Death comes a knockin'

The other day my family and I were laughing and laughing recounting the numerous ridiculous things they force me to eat(okay that’s a lie, I readily eat them, and with great aplomb too!) Generally they all seem to be in the flora genre. Thus far- several tasty specimens of bitter and acidic green leaf of varying sizes and consistencies(sometimes sprinkled with sugar) a couple varieties of tree bark(straight from a dirty bag, or mixed with coconut and served on…a bitter and acidic green leaf) also an assortment of root vegetables and tubers I have never seen the likes of before(usually served boiling-lava-hot from a giant street side cauldron) some interesting, flesh-colored seed pods(that I have seen the birds spit up) and of course small slivers of salty cheese served on a dirty blanket by a disheveled man on the street corner of an alley. As they were joyously proffering another Yemeni “delicacy” to me the other night I turned quite boastful, I CAN EAT ANYTHING! I NEVER GET SICK! I LOVE ALL FOOD! BRING IT ON YEMEN!! And Yemen? Let me tell you, Yemen brought it on.
The reason for my paucity of posts in recent days is because I WAS PRACTICALLY ON MY DEATH BED!! This is clearly a complete and total exaggeration but I gotta tell you, it was rough. I had a high fever, the shakes, the chills, super dizzy, extreme nausea, and sweating up a storm. Straight miserable. And it struck hard in the middle of the night.
It has recently come to my attention that I might just be extremely incompetent. That or I’ve never actually been sick on my own- without a beloved family member or roommate to coddle me (bring me toast!! Okay that one is just for Claire when I’m hungover..). Upon busting awake and bolting to the bathroom to throw up in the middle of the night, hazy, incoherent panic started to set in. First order of business? Water. I knew that I needed to replenish all the liquids I was rapidly expelling from my body.

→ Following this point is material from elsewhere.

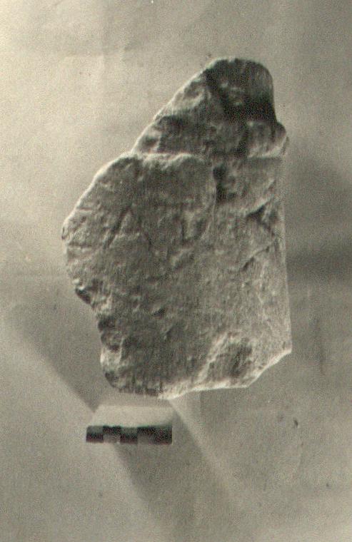 | Description: | Inscribed fragment of columnar grave monument. Bit of top preserved. Five letters remain. Hymettian marble. | |

I tried to remember all the things I had to drink that day…coffee, some tea.. a soda.. OH MY GOD I’M EXTREMELY DEHYDRATED!(Spurred on by extreme dizziness, nausea and a raging, mind-numbing headache, being dehydrated seemed tantamount to a death sentence in my mind) I stumbled into the kitchen “WHERE IS THE WATER!! WHERE ON EARTH IS ALL THE WATER!?!” Incapable of finding the myriad bottles, jugs and pitchers of water strewn throughout our apartment(and knowing, inexplicably, that tap water would only exacerbate my condition) I opted for the only thing I could find; strawberry nectar. Yes, that’s exactly what you want to drink when you’ve been heaving up your insides, saccharine sweet, syrupy, strawberry nectar. Another wise choice. Thirst temporarily assuaged I moved on to the next task at hand, cooling my sweat-doused, fever-addled body. Clearly I was functioning at a very low level. A lack of contacts only heightened my fog. Fumbling around the coffin-sized bathroom, blind as a bat, I turned on the shower and flung myself in- not even hesitating to take off my clothing. It’s for times like this that I wish, oh how I wish I could go back and review my thought process. Cleary, at the time, throwing myself into the shower fully clothed AND THEN ripping them all off to storm around the apartment sans clothing seemed like the correct choice at the time. But in hindsight, I’m really just not sure that it was…
Sopping wet I flopped back onto my bed in a feverish haze waking periodically to vomit and lie down again. This was the scene that my roommate Catherine happened upon when she woke up the next morning- I’m sure I looked extremely attractive.(luckily at some point I had donned clothing again, Alhamdulillah)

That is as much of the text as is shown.